Billy Barr clears snow off the several solar panels that power his home in  Gothic, Colorado. Barr has kept detailed snow reports, weather reports, and animal sightings for decades, and his information has become a resource for climate scientists studying the region. (Chet Strange for The Washington Post via Getty Images)
Billy Barr clears snow off the several solar panels that power his home in Gothic, Colorado. Barr has kept detailed snow reports, weather reports, and animal sightings for decades, and his information has become a resource for climate scientists studying the region. (Chet Strange for The Washington Post via Getty Images)

If you ask ChatGPT, the text-generating artificial intelligence in the news recently, to write a limerick about artificial intelligence (AI) and climate change, you'll get something like:

With algorithms precise and so neat,

AI can tackle earth's climate defeat,

Reducing carbon's strife,

Bringing balance to life,

It's a hero in our planet's heat!

You'll be the judge of the poetry, but the underlying technology speaks for itself. Machine learning is producing impressive results, and, for better or worse, researchers are now using it to address the climate crisis.

For example, Microsoft Research just announced Climax, a machine-learning model built for climate forecasting. Based on artificial neural network technology, ClimaX promises the capability to digest the prodigious amount of data that satellites and other weather sensors are now producing.

Climate modeling has been around for decades, but the methodologies have fundamentally shifted. Previously, programmers encoded explicit physical laws, and the simulations worked by solving sets of mathematical equations. Those models, while still applicable, are computationally expensive and don't readily scale.

The newer software, such as ClimaX, is data-driven. Engineers train the model with historical weather data that the program then analyzes to construct the algorithmic engine, often a neural network, which is modeled loosely on the human brain. The same basic approach was used to build ChatGPT, which its developers trained on with immense amounts of text.
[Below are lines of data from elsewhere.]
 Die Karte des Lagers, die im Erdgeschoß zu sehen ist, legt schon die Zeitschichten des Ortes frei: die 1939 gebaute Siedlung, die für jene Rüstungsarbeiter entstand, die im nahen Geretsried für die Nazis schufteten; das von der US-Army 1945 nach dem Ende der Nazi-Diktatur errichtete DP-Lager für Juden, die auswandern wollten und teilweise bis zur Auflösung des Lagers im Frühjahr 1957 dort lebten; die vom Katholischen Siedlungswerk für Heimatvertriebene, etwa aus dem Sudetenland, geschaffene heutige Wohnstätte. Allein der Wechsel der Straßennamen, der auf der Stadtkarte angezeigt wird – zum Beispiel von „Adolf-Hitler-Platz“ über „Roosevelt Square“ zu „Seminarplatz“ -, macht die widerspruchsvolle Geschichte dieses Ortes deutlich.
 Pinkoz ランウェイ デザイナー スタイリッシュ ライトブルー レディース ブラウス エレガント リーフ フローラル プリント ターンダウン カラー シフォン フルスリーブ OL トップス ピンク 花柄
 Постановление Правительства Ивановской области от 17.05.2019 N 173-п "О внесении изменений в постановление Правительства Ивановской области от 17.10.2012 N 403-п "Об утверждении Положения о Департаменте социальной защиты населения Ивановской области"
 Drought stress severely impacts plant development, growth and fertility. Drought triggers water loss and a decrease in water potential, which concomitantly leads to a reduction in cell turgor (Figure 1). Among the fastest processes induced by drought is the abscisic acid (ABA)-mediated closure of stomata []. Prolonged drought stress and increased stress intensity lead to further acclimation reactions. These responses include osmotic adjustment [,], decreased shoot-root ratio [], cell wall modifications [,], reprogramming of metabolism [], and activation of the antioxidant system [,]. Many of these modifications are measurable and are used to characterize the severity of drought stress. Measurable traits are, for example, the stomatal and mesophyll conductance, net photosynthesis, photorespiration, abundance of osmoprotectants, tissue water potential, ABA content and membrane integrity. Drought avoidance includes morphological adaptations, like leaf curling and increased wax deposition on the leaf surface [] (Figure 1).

This kind of machine learning will be indispensable as more renewable energy sources become more widely available go online. The intermittency of solar and wind power presents a tough challenge for grid operators, who must continuously balance electricity generation and consumption around the clock and under all weather conditions. Compared to older technologies, machine-learning models are more adaptable to the vast amount of information involved in managing electric grids with diverse, dynamic power sources.
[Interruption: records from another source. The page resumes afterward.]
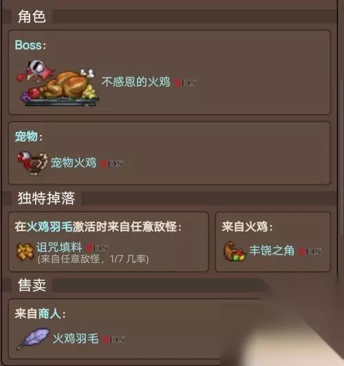 也可以通过南瓜月事件触发万圣节 6.感恩节 (11.1-11.30) 感恩节是泰拉瑞亚移动版和3DS版独占的季节性事件,事件从11月1日持续到11月30日。 感恩节期间,可以牺牲诅咒填料和火鸡羽毛来召唤困难模式之前的 Boss 不感恩的火鸡。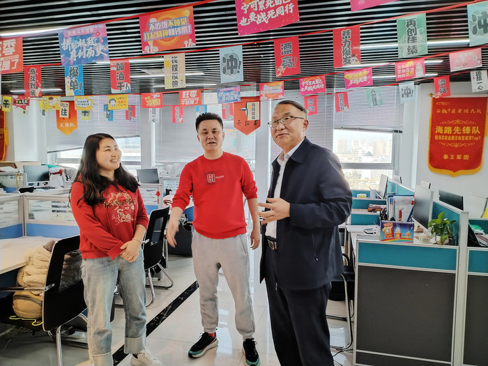 3月31日下午,汪家庚一行来到六安东西国际贸易有限公司。公司董事长王奉健、公司高管周昌菊(09届新闻专业毕业生)介绍,六安东西国际贸易有限公司成立于2018年,经营范围包括货物或技术进出口业务,纺织品、母婴用品、家居产品、文化办公用品等进出口业务,目前在直播带货、短视频宣发等领域亟需专业人才加盟,双方达成合作共识。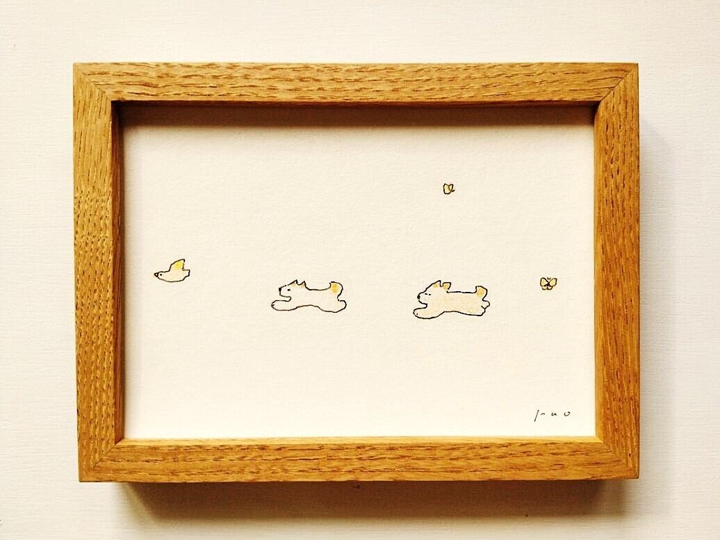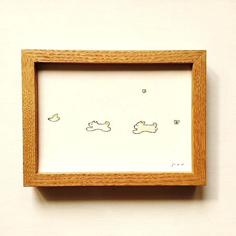 イラスト「追いかけっこ(鳥)」 ※木製額縁入り(2Lサイズ)インテリアアート 犬イラスト 原画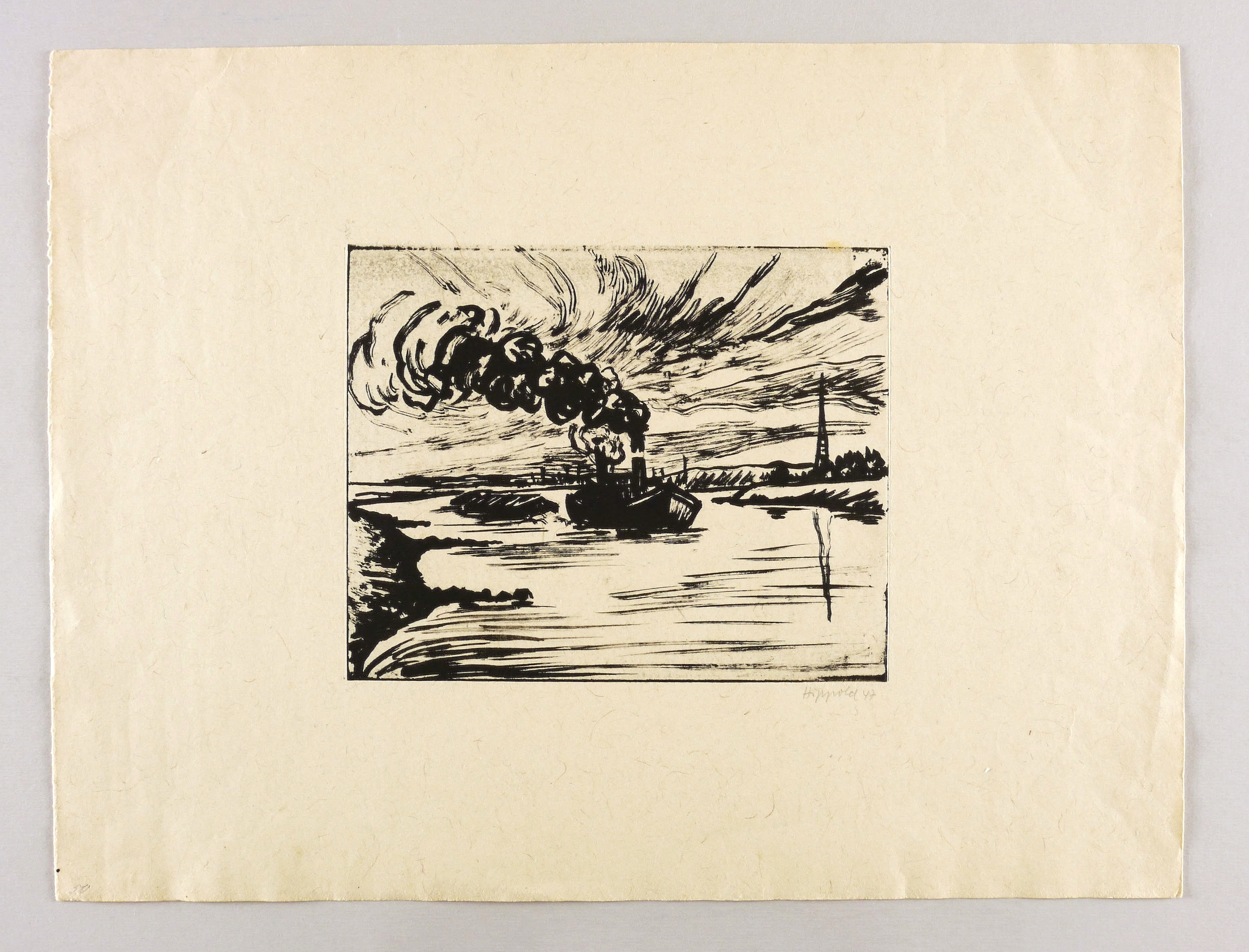 1947. Lithografie / Pinsellithografie, in Schwarz, auf gelbem grobfasrigem Bütten. – Originale Künstlergrafik, von Erhard Hippold. – 20,0 x 24,7 cm (Darstellung / Druckbild), 39 x 52 cm (Blatt).

AI models can reveal relationships and correlations within complex data that are not detectable by humans. Building managers use them to control heating, cooling and lighting, which reduces carbon emissions. AI is critical for water management in areas stricken by climate-induced drought. The World Economic Forum has developed software to predict wildfires. And scientists are using machine learning to study ocean currents disrupted by warming.
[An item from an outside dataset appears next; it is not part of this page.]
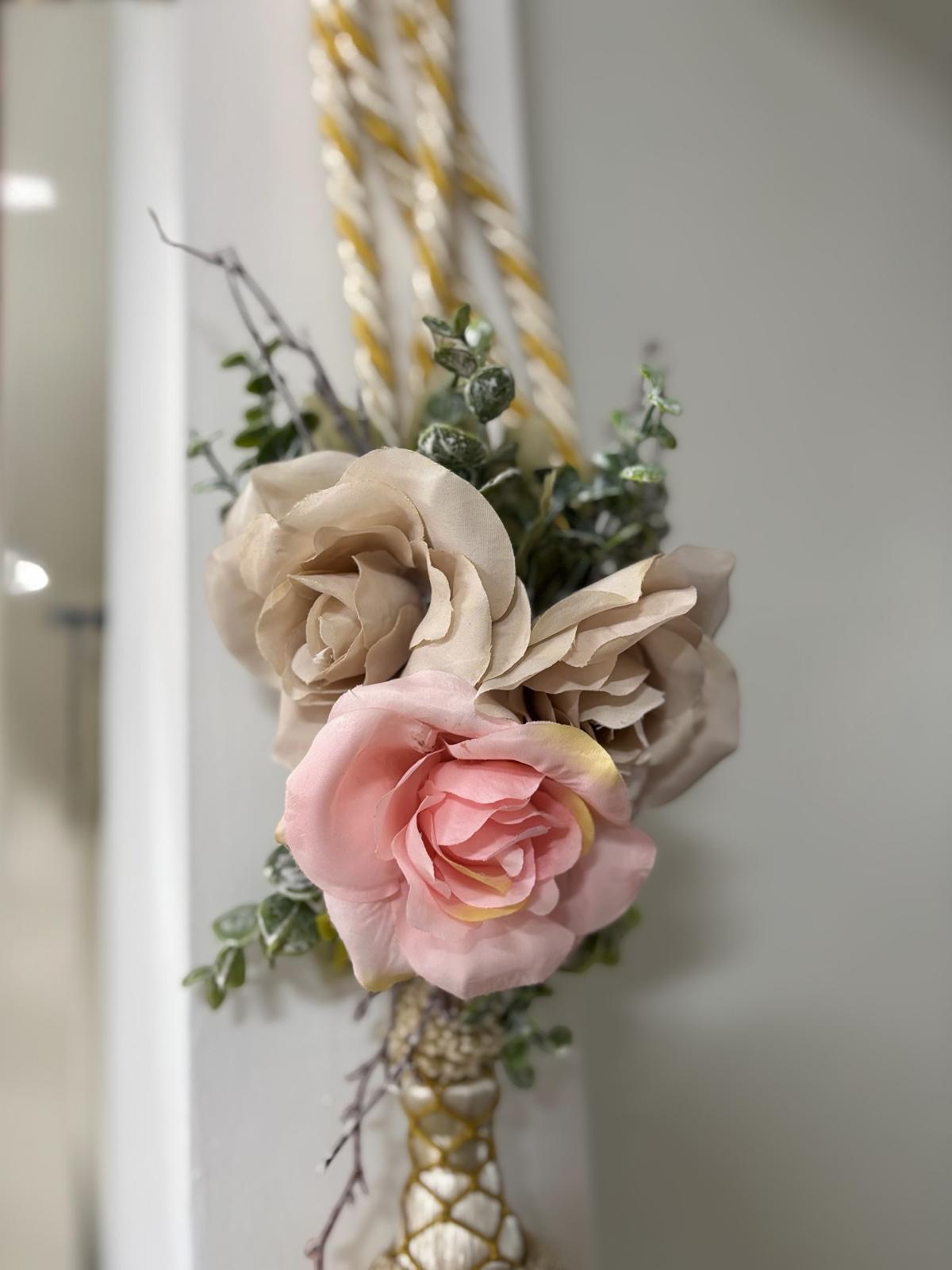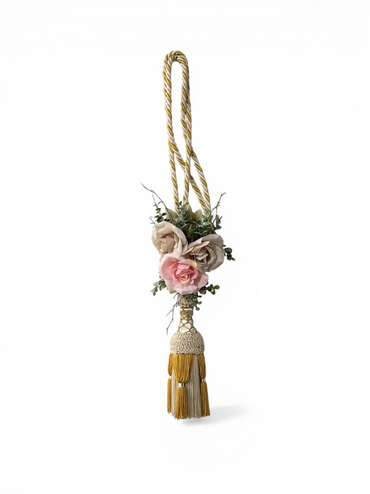 Embrasse per tende oro e bianco con rose. Lavorazione artigianale.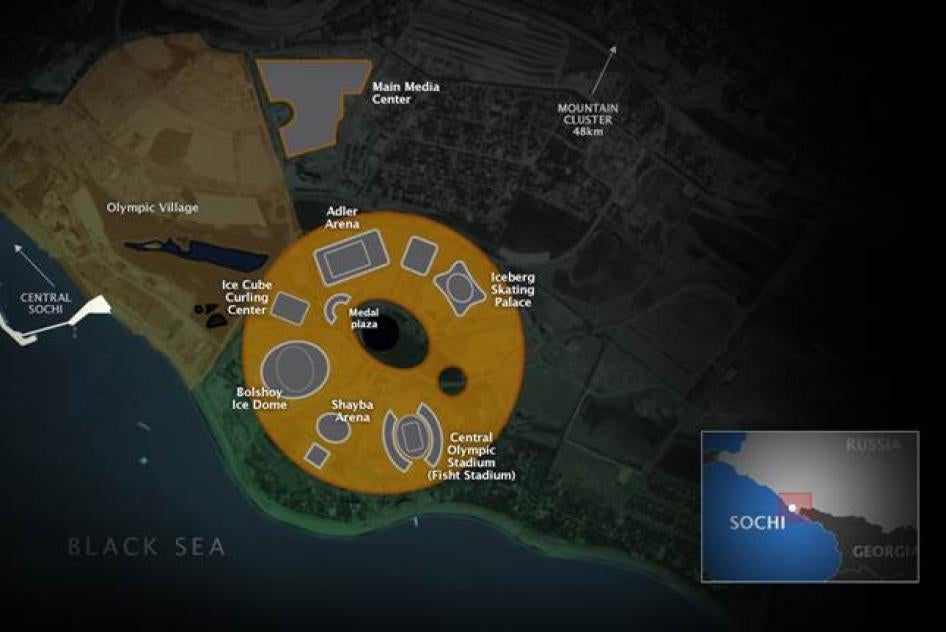 Sources: Google Earth, sochi2014.com; Sémhur; Satellite Image © 2013 DigitalGlobe; Image © 2013 Human Rights Watch

Machine learning is producing impressive results, and, for better or worse, researchers are now using it to address the climate crisis.

Climate projection remains the most visible and most controversial use of AI-powered modeling. U.S. scientists just released a study based on machine learning that predicts humanity will most likely fail to limit global mean temperature to the goal set in Paris in 2015. It also foresees temperatures likely exceeding the goal of 2.0º C above the preindustrial baseline, regardless of how much emissions are reduced between now and 2050.

When news about an AI model's prediction makes headlines, it's worth asking what the forecast is and who’s making it. In the words of statistician George E. P. Box, "all models are wrong, but some are useful."

Erica Thompson is a British physicist who studies the interpretation of mathematical models. Speaking on a recent podcast, she voiced her concern about the potential for bias in the training of machine learning models. Thompson cautions that models merely encapsulate human judgments in a mathematical language, making those judgments neither more objective nor more authoritative.

Thompson questions the role of AI in making policy. Too often, modelers inject implicit assumptions that later emerge as outputs. For example, suppose a potential emission reduction strategy such as carbon capture or solar geoengineering is coded into a model. What the algorithm then generates might be understood to say those strategies are essential to meeting carbon mitigation goals, and the interpretation is justified as being "what the science says."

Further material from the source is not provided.